Namun yang dikhawatirkan adalah sang Ayah. Tugas rumahnya bertambah. Selain itu, dia harus membersihkan kamarnya sendiri setiap bangun tidur. Oh Tuhan, dia tidak bisa hidup tanpa pembantu-pembantu di rumahnya. Tapi di balik itu, dia juga penasaran, dan dia tidak akan membiarkan Himawari pergi sendirian. 

Sesampainya di depan pintu ruang inap di mana ibunya berada, Himawari dan Bolt sama-sama menelan ludahnya selagi keduanya mencermati papan nama ibunya. Kita hanya perlu berdoa, Ayah tidak ada di dalam, karena Ibu punya sifat pemaaf, sedangkan Ayah tidak. Doa mereka tetap sama, seperti itu jelasnya.

"Ibu, kami datang," seru Himawari menggeser pintu ruangan ibunya dengan nada gembira, menutupi kegugupannya. "Aku kemari bersama—" sialnya, Himawari melihat ayahnya sedang membelakangi dirinya, dengan kemeja putih yang lengan tangannya dilipat ke siku-siku, terlihat sedang berpikir, tapi kini menoleh dengan menaikkan satu alisnya. Tampak heran melihat putra dan putrinya ada di sini, bukan di sekolah. "Ah, sial." Gumam Himawari.

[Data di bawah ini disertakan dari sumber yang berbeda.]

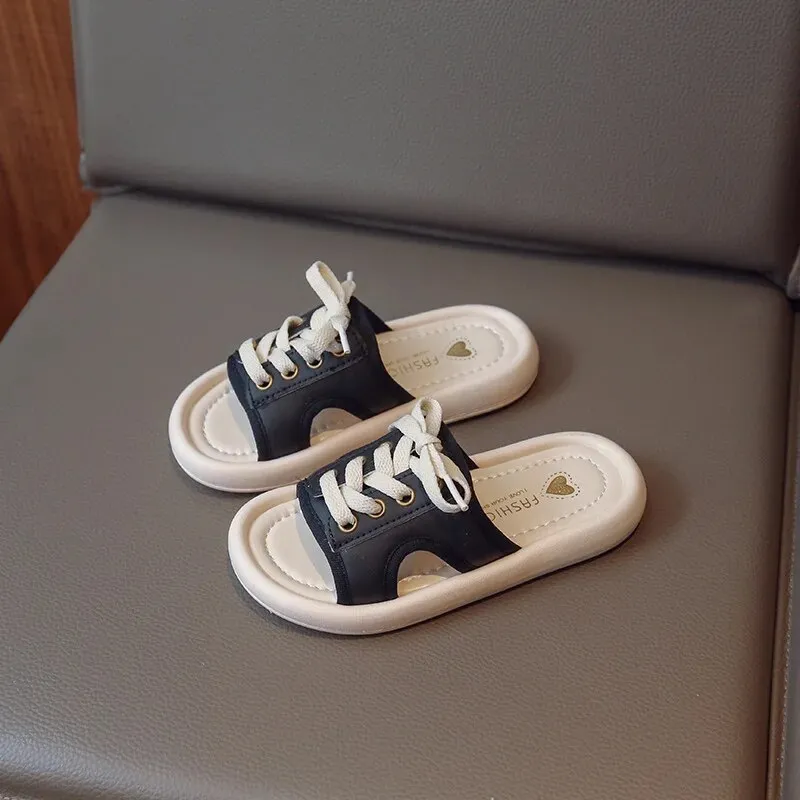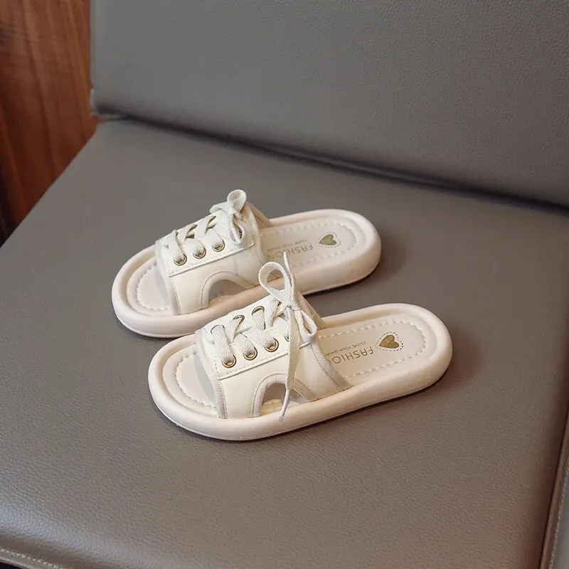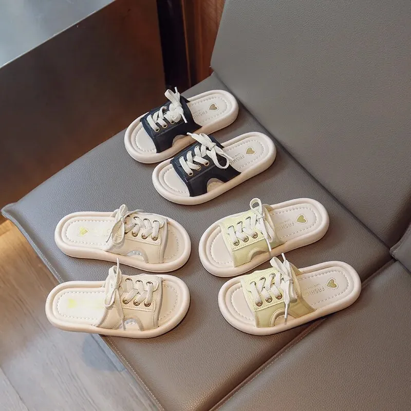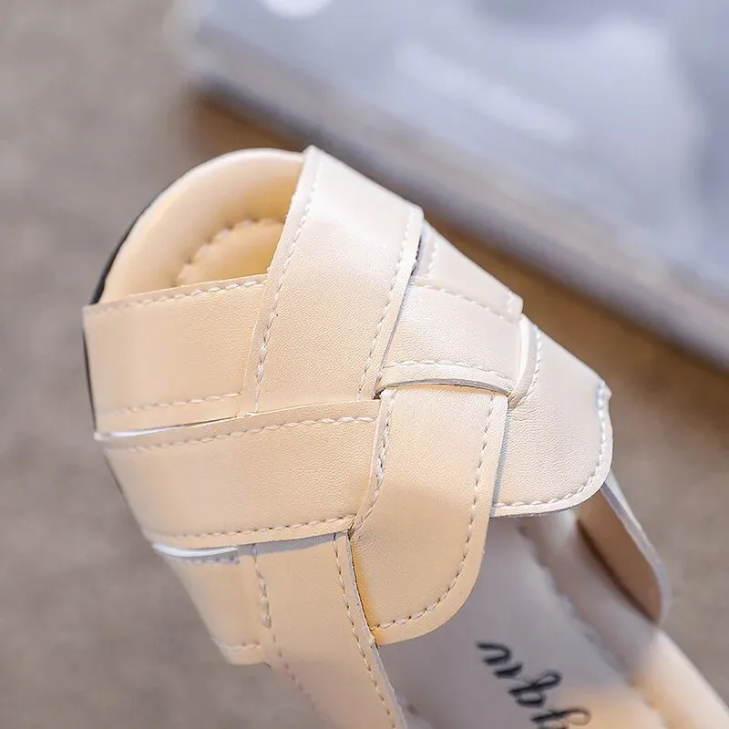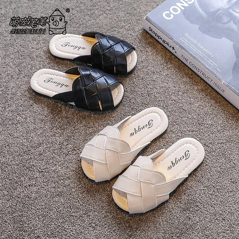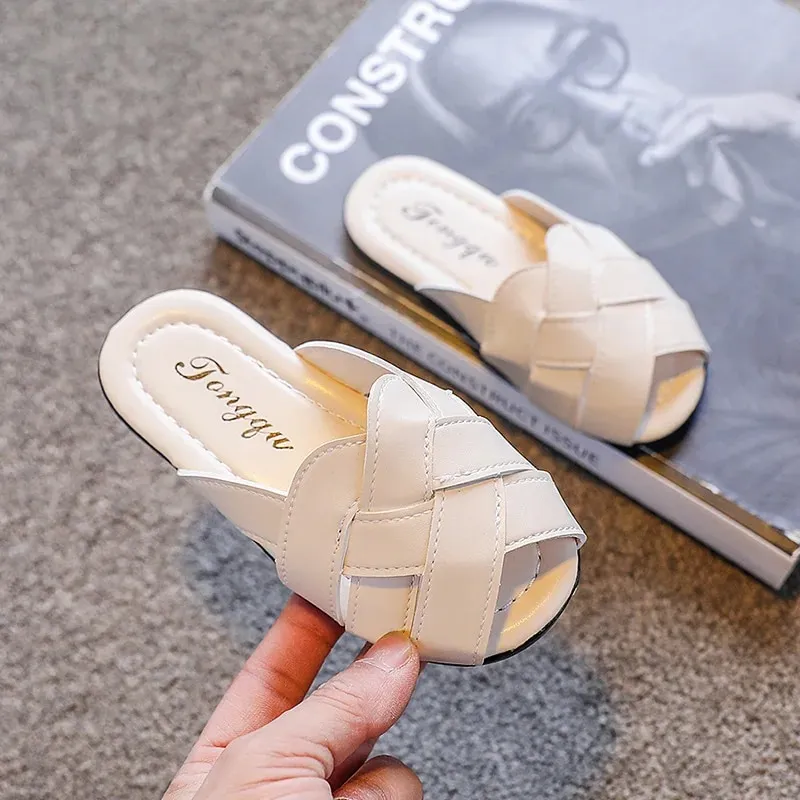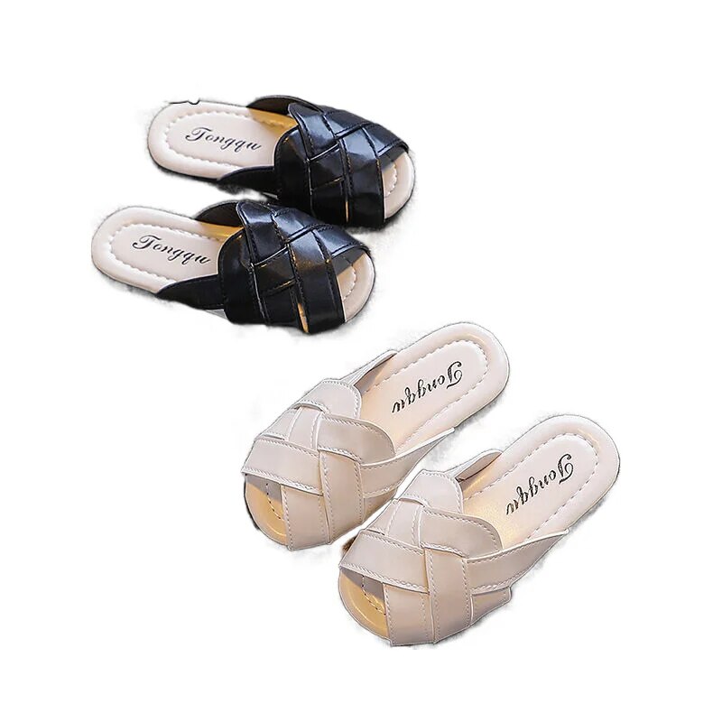Guangxiyulin เปียของเด็กรองเท้าแตะหนังฤดูร้อนใหม่นักเรียนสาวแฟชั่นปิดพื้นรองเท้านิ่มสำหรับเด็กสวมด้านนอกรองเท้าแตะแบบหนีบ
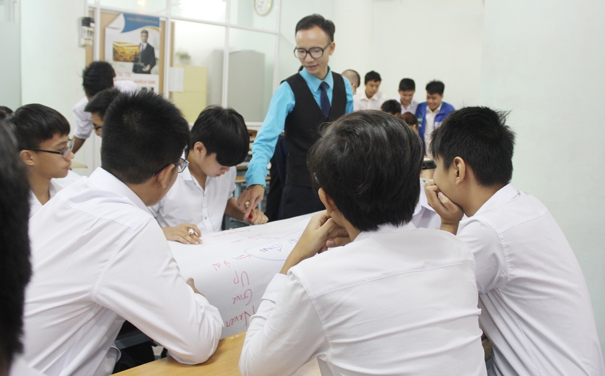 | Diễn giả Huỳnh Anh Bình - Giám đốc Trung tâm Kỹ năng sống TP HCM hướng dẫn phương pháp làm việc nhóm, thuyết trình hiệu quả cho sinh viên Việt Giao. |
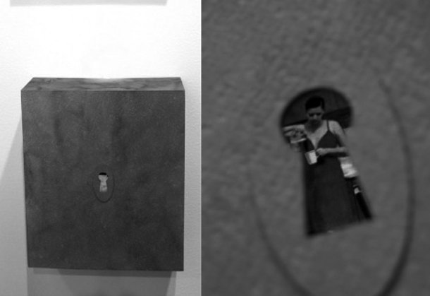 La segunda pieza la conocí en ARCO en 2011. La artista polaca Klara Petra Szabo presentó la pieza 'The only thing standing in between you and me is reality' (2010). Se trata de una caja cerrada cuyo interior sólo puede verse a través de una pequeña cerradura. El espectador ha de acercarse y mirar a través de ella para descubrir una escena de una mujer haciéndose el desayuno en camisón. Una irrupción totalmente voyeur en la intimidad y en el ámbito privado de la observada.
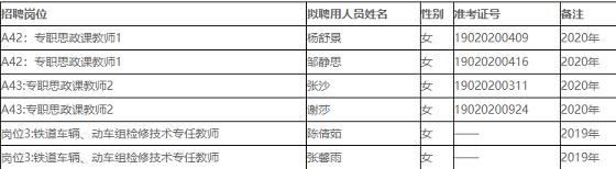 根據(jù)《2019年下半年湖南鐵路科技職業(yè)技術(shù)學(xué)院“985”“211”高校公開招聘公告》、《2020年株洲市市直事業(yè)單位公開招聘(選調(diào))工作人員公告》及有關(guān)規(guī)定,經(jīng)報名、資格審查、筆試、面試、體檢、考察等程序,經(jīng)湖南鐵路科技職業(yè)技術(shù)學(xué)院黨委會研究,確定楊舒景等6名同志為2020年湖南鐵路科技職業(yè)技術(shù)學(xué)院公開招聘擬聘用人選,現(xiàn)予以公示。
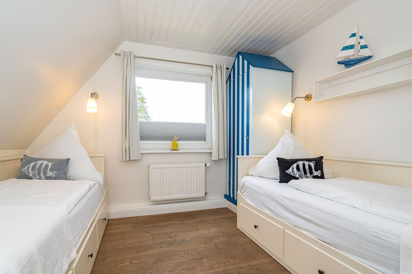 Die Ferienwohnung „Ferienliebe Strandzeit“ begrüßt Sie im beliebten Wenningstedt auf Sylt. Diese behagliche Ferienwohnung bietet Platz für bis zu vier Personen und verteilt sich über zwei Ebenen. Im ersten Obergeschoss befindet sich die Küche mit Essbereich. Hier erwartet Sie ein Mikrowellenbackofen, eine Kaffeefiltermaschine, Toaster, Wasserkocher sowie ein Geschirrspüler. Ebenfalls auf dieser Ebene befinden zwei Schlafzimmer. Eins davon mit zwei Einzelbetten, das andere mit Doppelbett, Kleiderschrank und TV. Das Tageslicht Badezimmer verfügt über eine Dusche, WC und Waschbecken. Über eine Treppe gelangen Sie in das Dachgeschoss, wo sich der Wohnbereich mit gemütlicher Couch und TV befindet. Im Gemeinschaftsvorgarten ist eine eigene Terrasse die zu der Ferienwohnung gehört. Ein Parkplatz steht Ihnen am Haus zur Verfügung.

Bolt melompat dengan wajah pucat, jantungnya seakan copot saking kagetnya melihat wajah ayahnya yang tampak muram. "Maaf, maaf, aku hanya tidak ingin Himawari dihukum sendiri, akan lebih baik kalau aku dihukum juga," Himawari melihat Bolt jijik. 

Dasar penjilat!

"Apa yang kalian katakan?" seru ayahnya dengan heran. "Cepat kemari, lihat adik kalian. Bukankah dia sangat lucu?"

Bolt menghela napas lega, dia hampir tidak percaya saat ayahnya tidak memarahinya, malah mempersilakan dirinya untuk melihat adik keduanya. 

Himawari berjalan lebih dulu, disusul oleh Bolt kemudian dengan tidak sabaran. 

"Mama, selamat atas kelahiran anak ketiganya, dan terima kasih," seru keduanya dengan gembira. 

Mamanya tersenyum, terlihat senang saat mendapati si kembar datang pagi itu, meski dia tahu kalau mereka sedang membolos. "Terima kasih, jadi, hukumannya menyusul ya?"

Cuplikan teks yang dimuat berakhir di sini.